In 2009, the MLRs of the seven largest for-profit insurers (not counting Medicare and Medicaid) ranged from 68 percent to 92 percent. That means the companies kept between 8 and 32 percent of premiums to pay for items like claims processing, telephone answering systems with on-hold music, and CEO salaries. But that will be changing in 2011. The Patient Protection and Affordable Care Act (the health care insurance reform law) stipulates that MLRs must be at least 80 percent in individual and small group markets, and 85 percent in large group markets, or the companies must issue a rebate to consumers in 2012. Administrative costs cannot be included in the MLR, but quality improvement activities can. So there is quite a scramble going on behind the scenes at insurance companies to redefine costs so they qualify within the MLR. As smart companies, they are going to be trying to game the system. My prediction is that they will all meet the target, and not have to pay rebates.

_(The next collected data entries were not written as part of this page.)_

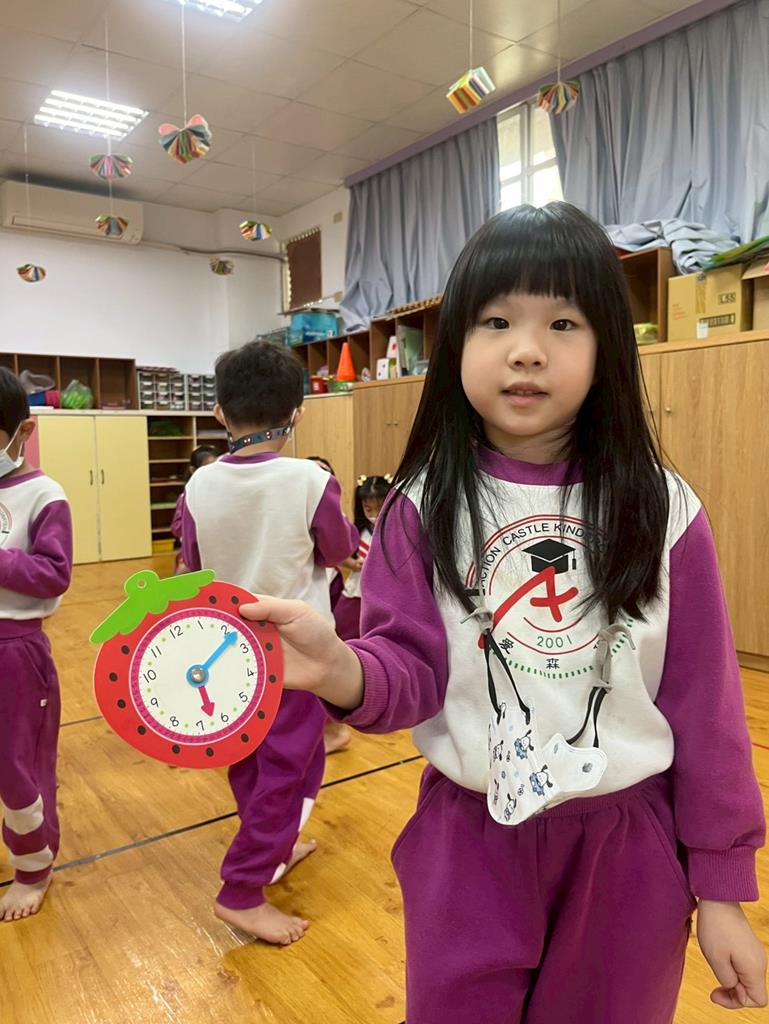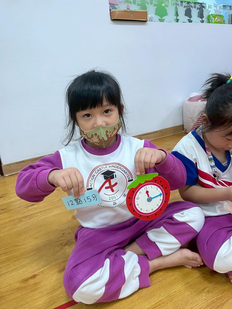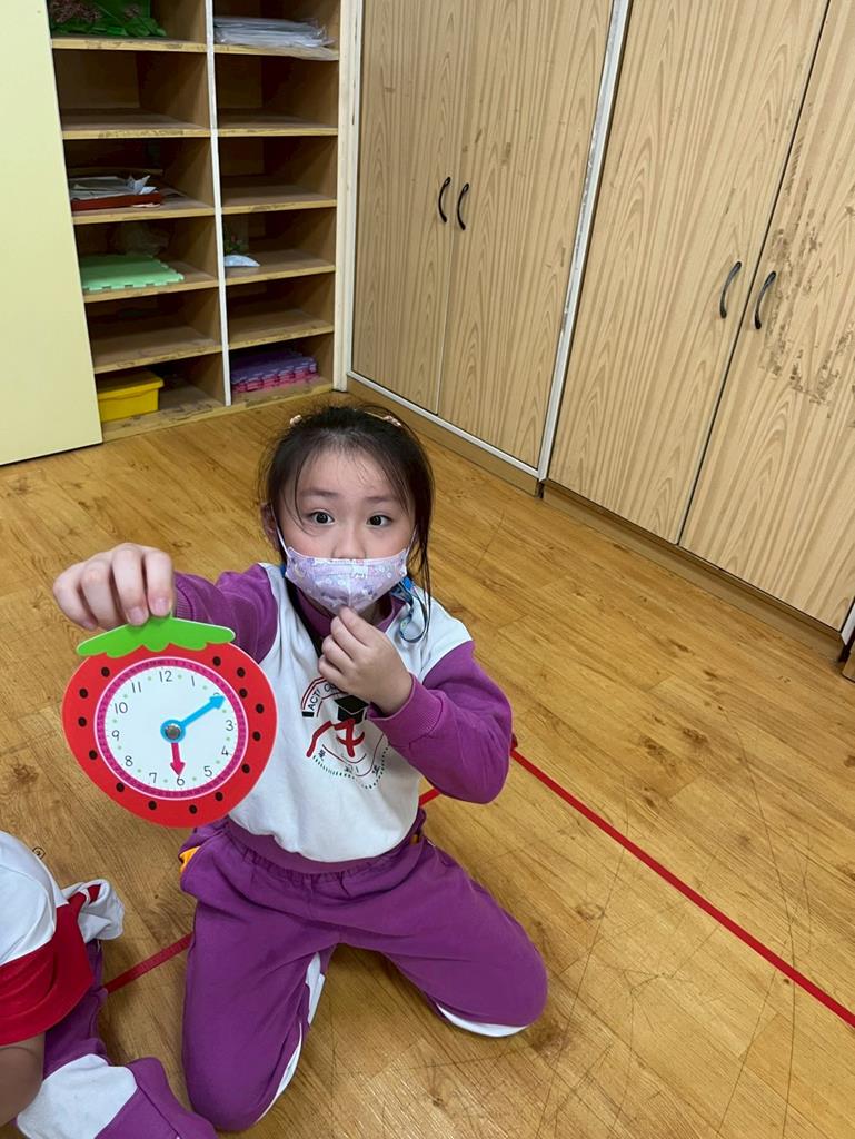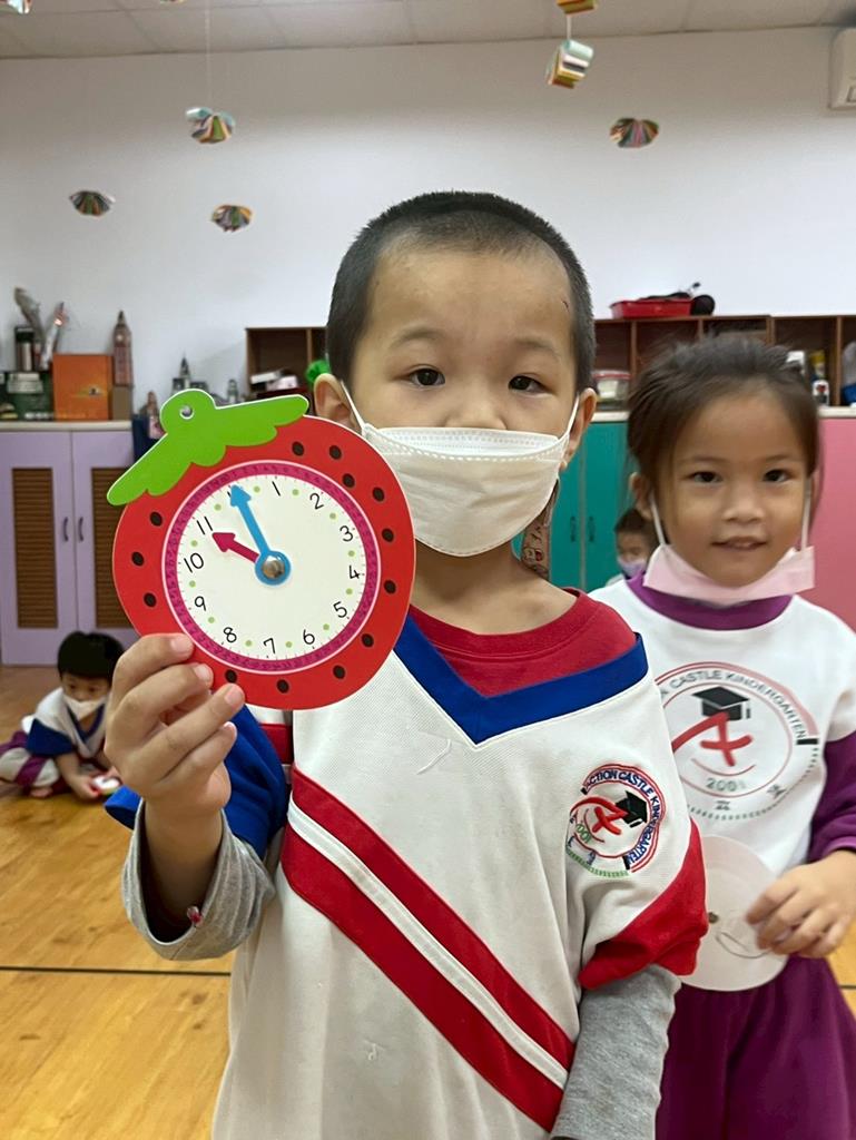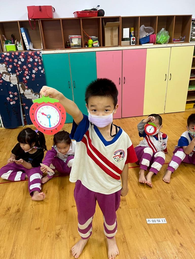 邀請幼兒拿起時鐘,老師拿出數字的時間,能正確轉出時鐘即過關
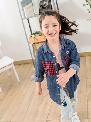 【限時商品購買折扣】星星刺繡格紋牛仔襯衫-童2色-好用商品推薦
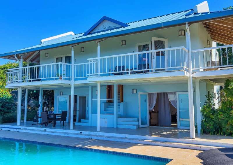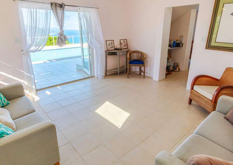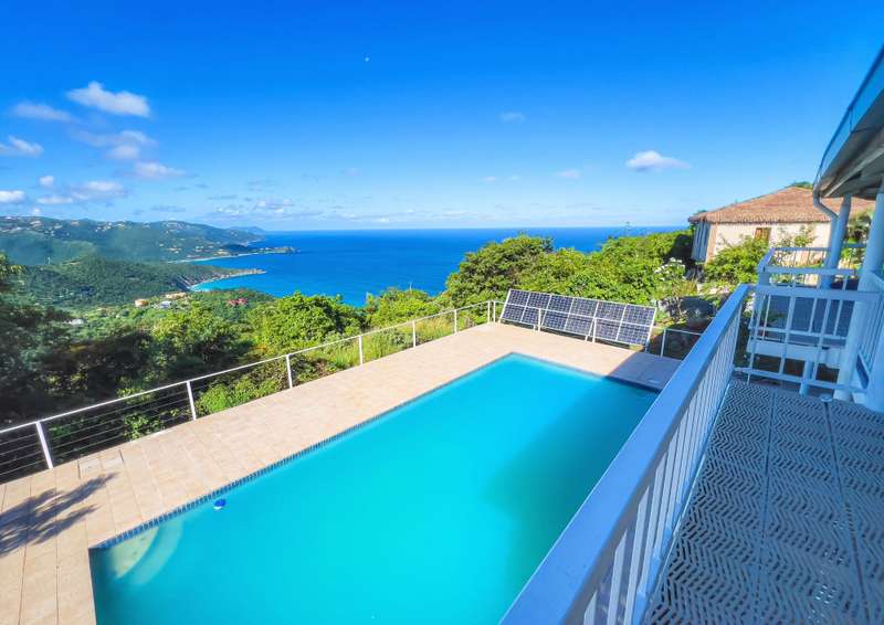The property is situated on 0.5 acres on the boundary between Lambert and Balsam’s Ghut, with sensational 180 degree views capturing the North Shore from Little Bay to Rogue’s Bay Point and across Fat Hog’s Bay to the South . ; The property is arranged over 2 floors: Ground Floor has a kitchen (with laundry room/half bath annexed) and interconnecting living room. Both rooms open onto a substantial pool terrace with large swimming pool (operated by a bank of solar panels). Both the kitchen and living room could be extended out onto the terrace to increase the internal sq footage. ; First floor has 2 ensuite bedrooms, both opening onto a deep balcony. There is an attic space above the first floor, which could be expanded into. The garden is partially landscaped around the house and pool, with the foundations and remains of a gardener’s shed, with potential as a gazebo or even a guest bedroom suite. Gated entrance. Ample parking. Substantial area of uncleared land below the house.
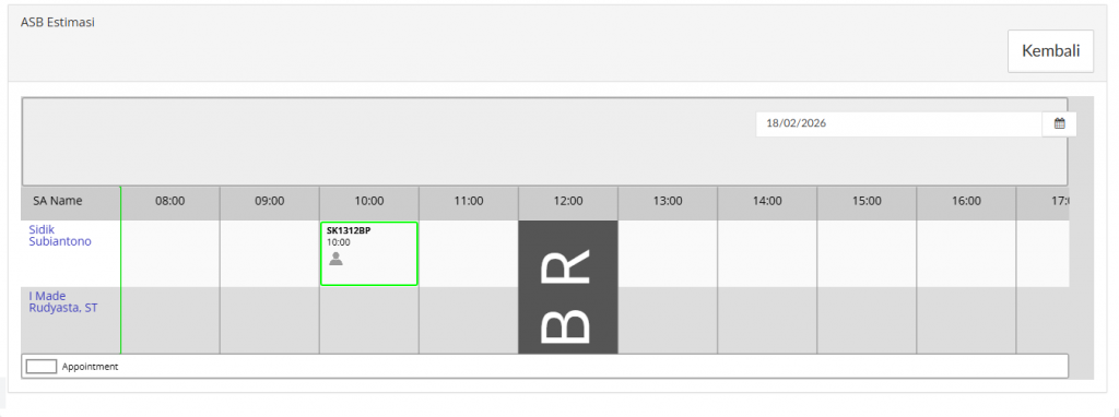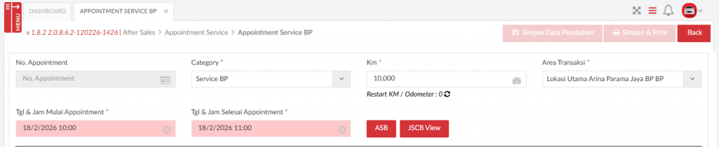 Kolom Tanggal dan Jam appointment akan terisi sesuai dengan inputan pada ASB (Appointment Schedule Board).
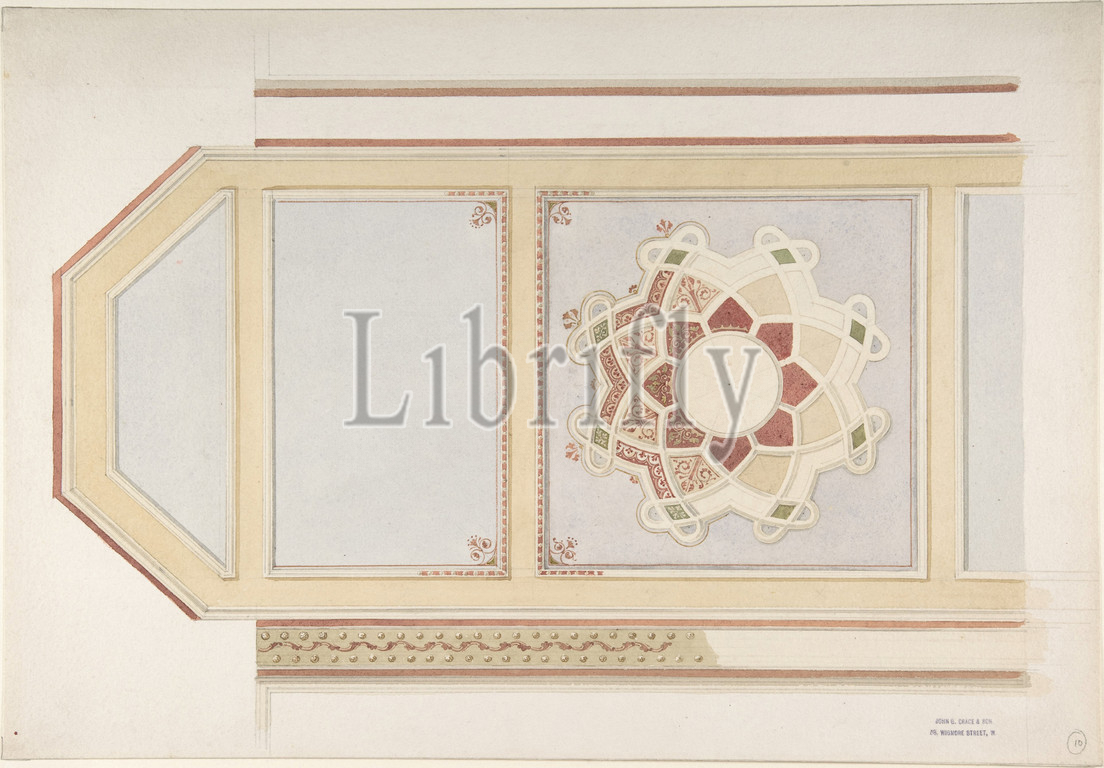 Design, Ceiling, Four Parts, Decorated, Compass Motif, Rust, Olive Green, Moorish Motifs, 19th century, Graphite, watercolor, reds yellows, blues, gilt, sheet, 16 7/8 x 11 5/8, 42.9 29.5 cm, John Gregory Crace, British, London, 1809–1889, Dulwich, and Son, Dibblee, 1838–1919
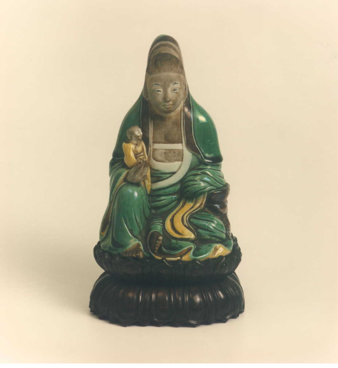 Esta pieza muestra una imagen de la divinidad en la que se potencia el concepto maternal al sostener un niño sobre su pierna derecha, casi ajeno a la imagen de la diosa. Ésta se muestra encorvada y frontal al espectador, cubierta la cabeza por un manto que recubre los hombros, y una túnica que se resuelve en complejos pliegues desde el talle a los pies. I.C.F. Extraído de: Isabel CERVERA FERNÁNDEZ: Fundación Rodríguez-Acosta. Colección de Arte Asiático. Granada, 2002.
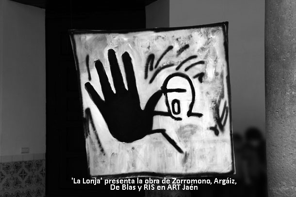 De la mano de La Lonja están presentes en ART Jaén los artistas Carlos Zorromono, con la obra 'Balada de consentimiento a este mundo'; Carmelo Argaiz, con 'Corvus suite'; Javier de Blas, con 'Cuaderno' y R.I.S., que presenta 'Kontuz!'. David Martínez es el comisario de la exposición que juega entre el romanticismo, el clasicismo y modernidad, el expresionismo y el punk.
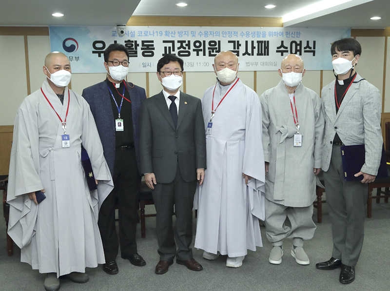 서울대교구 사회교정사목위원회 위원장 현대일 신부와 대전교구 교정사목 전담 나기웅 신부가 4월 13일 정부과천청사에서 법무부 우수활동 교정위원 감사패를 받았다. 이들 외에 교정위원 중앙협의회 황우종(법명스님) 회장, 허부경 명예회장, 연합회장 김철환씨 등 32명이 감사패를 받았다.
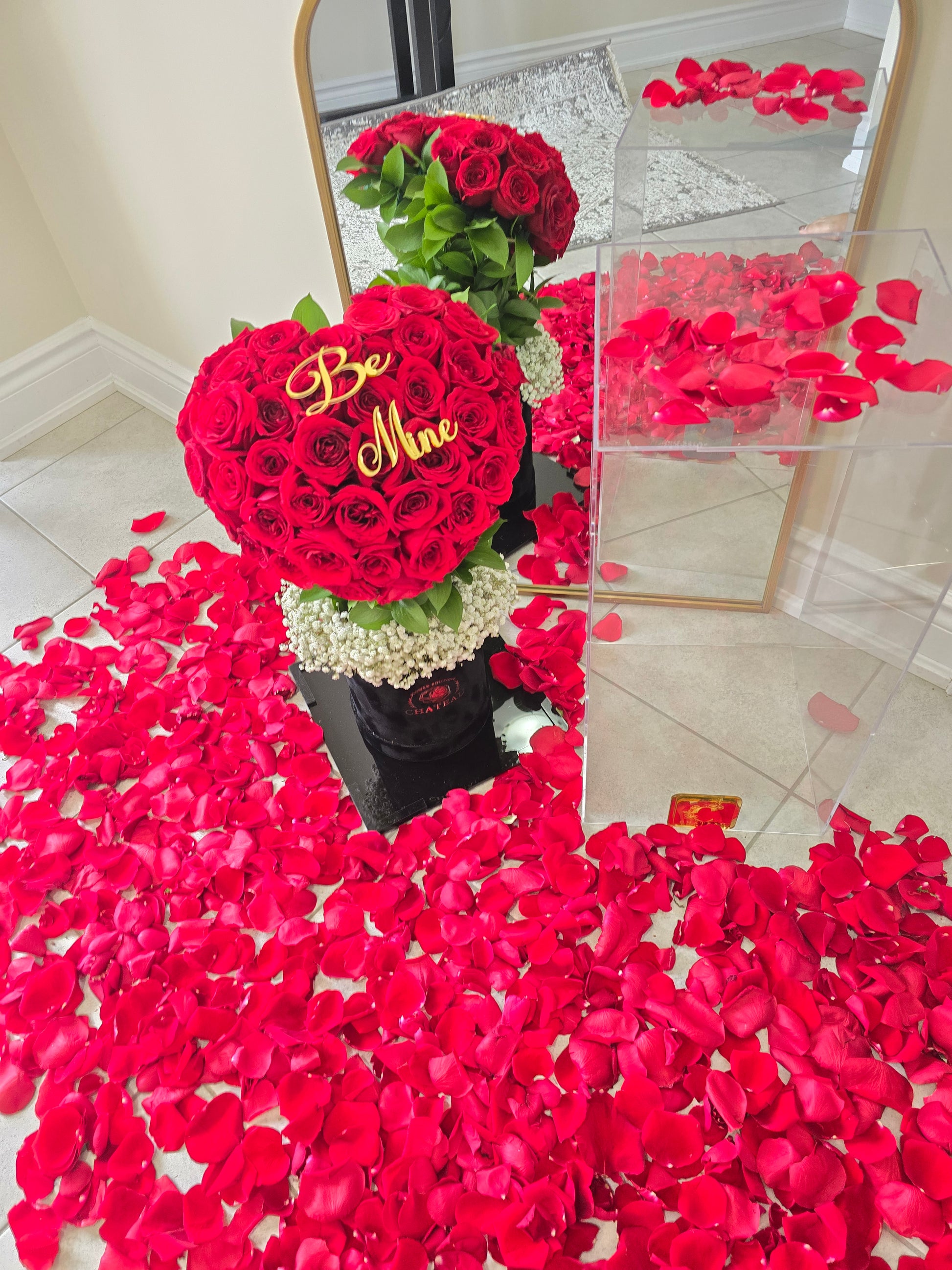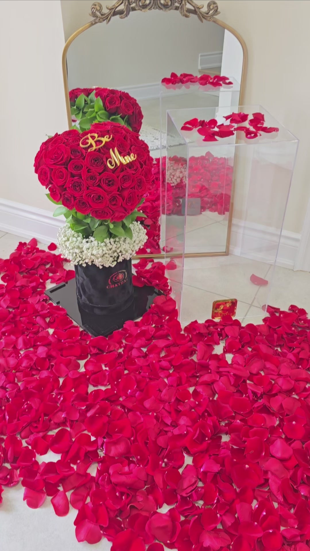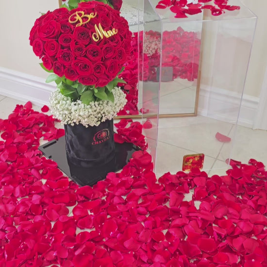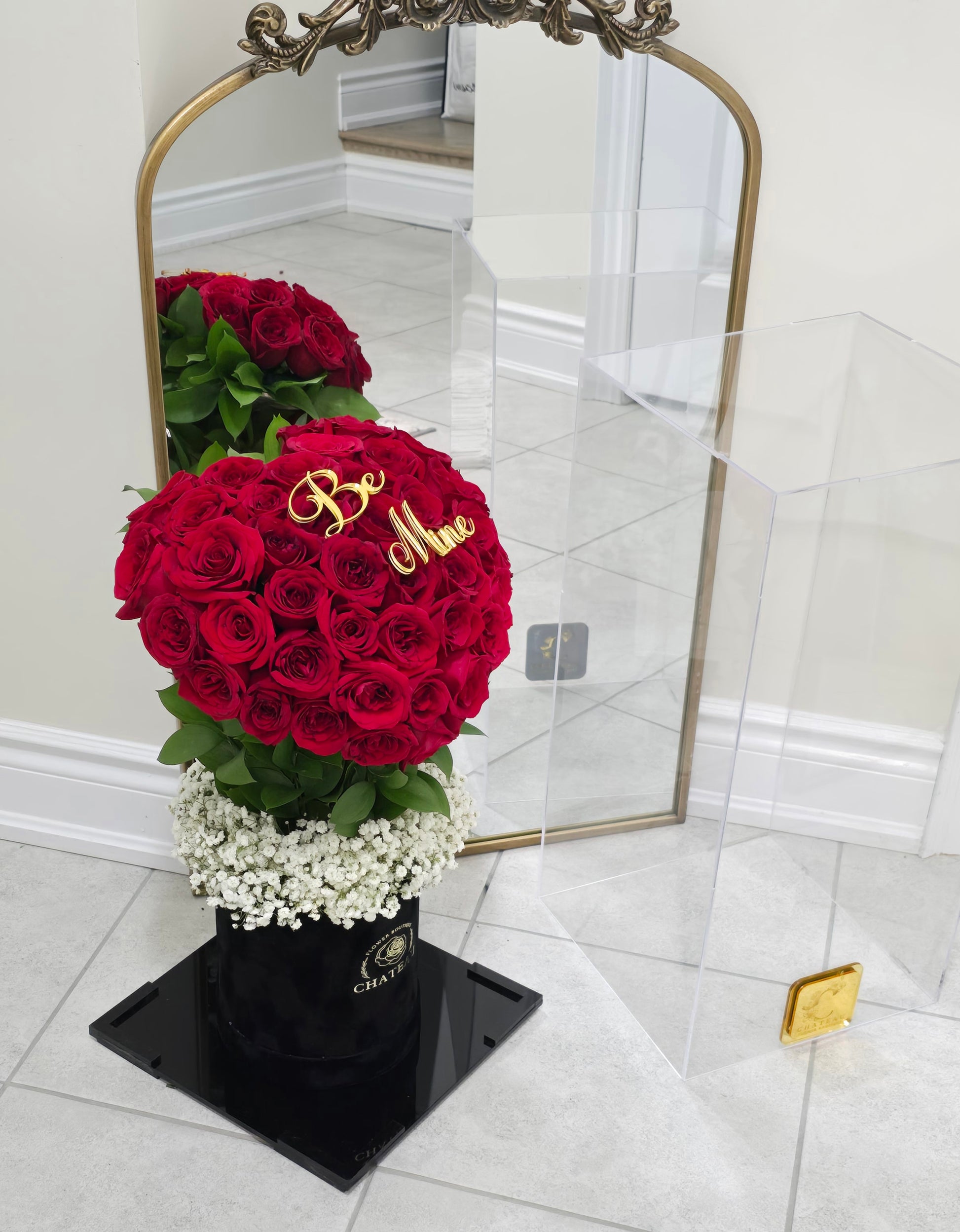 Chateau Velvet round box measured with 45 stems of premium Ecuadorian roses, fresh gypsophila & greenery. Gold Acrylic Signs included.
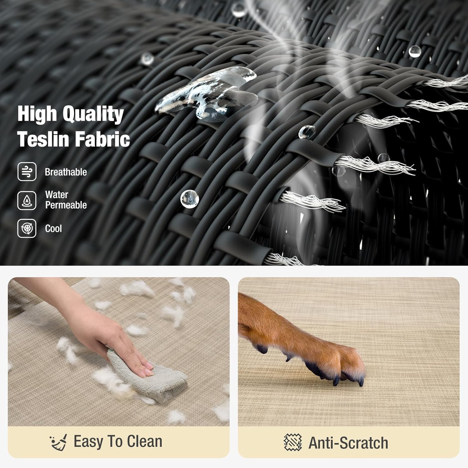 - All-Season Comfort: The Teslin Mesh mat not only allows the air to flow, but also allows the water to penetrate, keeping your pet cool in summer; The elevated dog bed lifts your dog 8.2 inches off the hard ground, mud or wet grass, alleviating joints pressure and keeping health

In the course of this fracas, so-called mini-med plans (offered by fast-food restaurants, big-box retailers, etc.) applied for an exemption to allow a lower MLR, citing increased expenses due to high employee turnover. I guess it costs a lot more money to add and subtract names in the computer than it does to send claim denial notices. In a typical basic mini-med plan, a worker pays $13.99 a week for a maximum annual benefit of $2,000. One visit to an ER or an MRI scan should wipe that out. Babies and hospitalization are way over the limit. Terrible insurance though it is, a spokesman for McDonald’s said it would look for other insurance options if it couldn’t get the waiver.

Well, I’m sorry I had to drag you through so much detail to explain what’s distasteful about “medical loss ratio.” By contrast, it doesn’t take any explaining to see what’s wrong with “provider.” It’s because the system’s already been fully gamed on that one.